Extracted entries —

☆ ☆ ☆

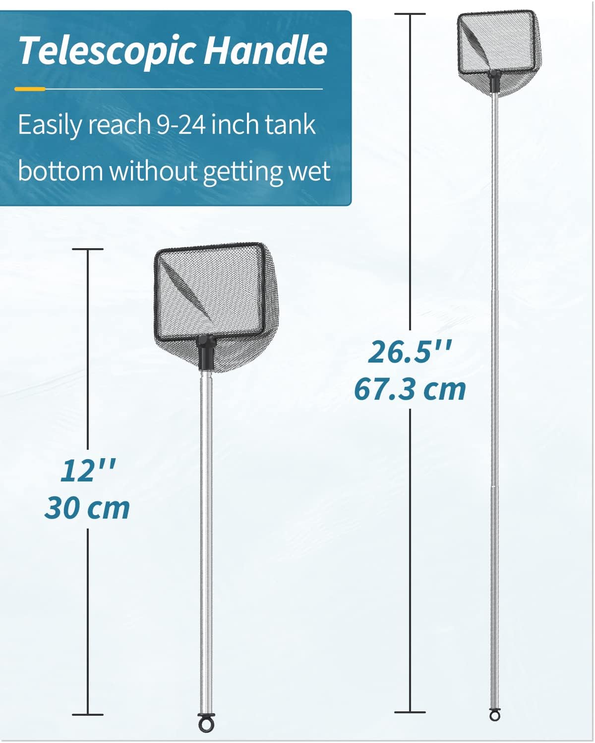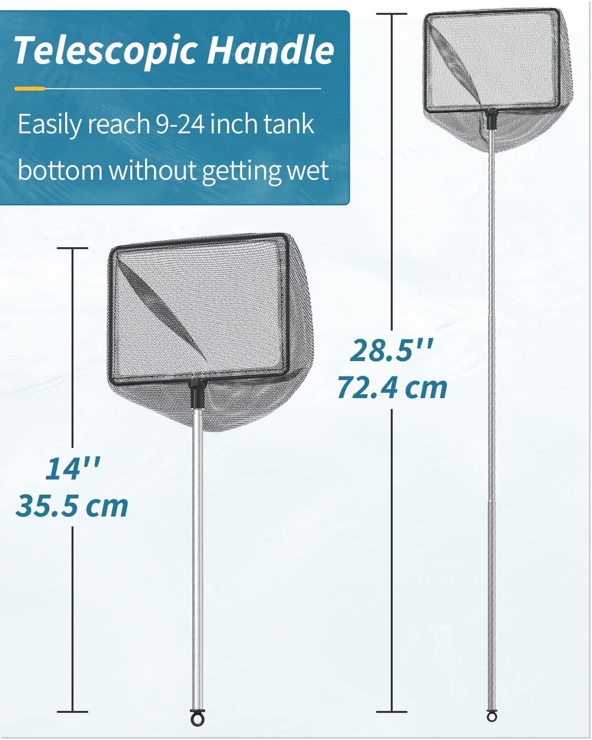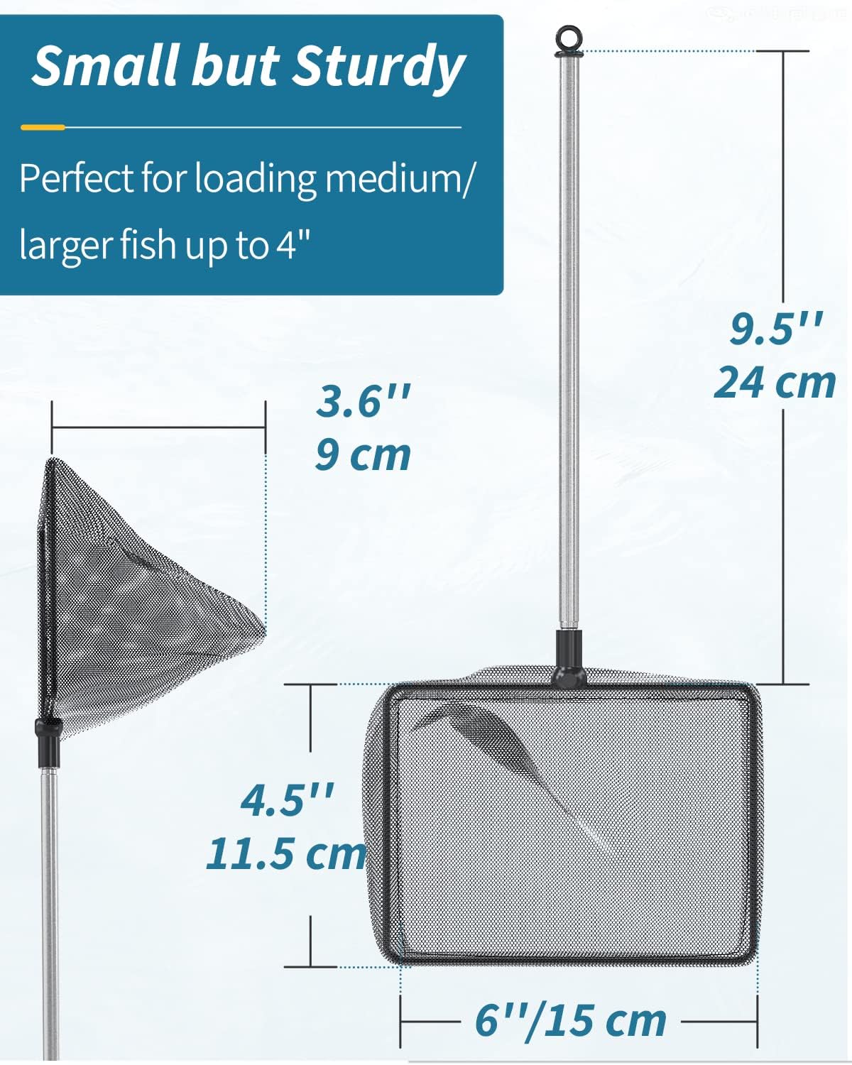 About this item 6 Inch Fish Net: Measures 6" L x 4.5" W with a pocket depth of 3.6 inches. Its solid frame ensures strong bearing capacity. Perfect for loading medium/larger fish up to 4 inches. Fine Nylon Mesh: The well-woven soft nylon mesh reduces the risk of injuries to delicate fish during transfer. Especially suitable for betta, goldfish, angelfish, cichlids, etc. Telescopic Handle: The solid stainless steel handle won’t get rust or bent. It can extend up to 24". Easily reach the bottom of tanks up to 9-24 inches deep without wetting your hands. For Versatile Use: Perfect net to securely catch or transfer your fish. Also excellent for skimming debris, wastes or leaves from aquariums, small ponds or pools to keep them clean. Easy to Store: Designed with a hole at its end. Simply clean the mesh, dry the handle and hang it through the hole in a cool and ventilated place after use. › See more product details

☆ ☆ ☆

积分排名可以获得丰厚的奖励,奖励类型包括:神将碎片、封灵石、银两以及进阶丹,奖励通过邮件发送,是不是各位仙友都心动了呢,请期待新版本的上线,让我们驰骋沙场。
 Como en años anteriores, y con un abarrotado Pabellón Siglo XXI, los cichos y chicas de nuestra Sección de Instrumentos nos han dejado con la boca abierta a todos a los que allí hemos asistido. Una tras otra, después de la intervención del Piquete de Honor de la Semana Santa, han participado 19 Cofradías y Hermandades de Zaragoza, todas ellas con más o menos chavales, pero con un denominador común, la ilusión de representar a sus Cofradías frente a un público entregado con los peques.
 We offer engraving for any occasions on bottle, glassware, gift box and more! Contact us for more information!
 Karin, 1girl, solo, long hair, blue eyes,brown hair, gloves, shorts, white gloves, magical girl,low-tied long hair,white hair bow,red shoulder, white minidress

☆ ☆ ☆

Task goal —
The required answer is the exact run of lines above starting at the line with "积分排名可以获得丰厚的奖励,奖励类型包括" and ending at the line with "Karin, 1girl, solo, long", with both ends present.

Solution for this exercise —
积分排名可以获得丰厚的奖励,奖励类型包括:神将碎片、封灵石、银两以及进阶丹,奖励通过邮件发送,是不是各位仙友都心动了呢,请期待新版本的上线,让我们驰骋沙场。
 Como en años anteriores, y con un abarrotado Pabellón Siglo XXI, los cichos y chicas de nuestra Sección de Instrumentos nos han dejado con la boca abierta a todos a los que allí hemos asistido. Una tras otra, después de la intervención del Piquete de Honor de la Semana Santa, han participado 19 Cofradías y Hermandades de Zaragoza, todas ellas con más o menos chavales, pero con un denominador común, la ilusión de representar a sus Cofradías frente a un público entregado con los peques.
 We offer engraving for any occasions on bottle, glassware, gift box and more! Contact us for more information!
 Karin, 1girl, solo, long hair, blue eyes,brown hair, gloves, shorts, white gloves, magical girl,low-tied long hair,white hair bow,red shoulder, white minidress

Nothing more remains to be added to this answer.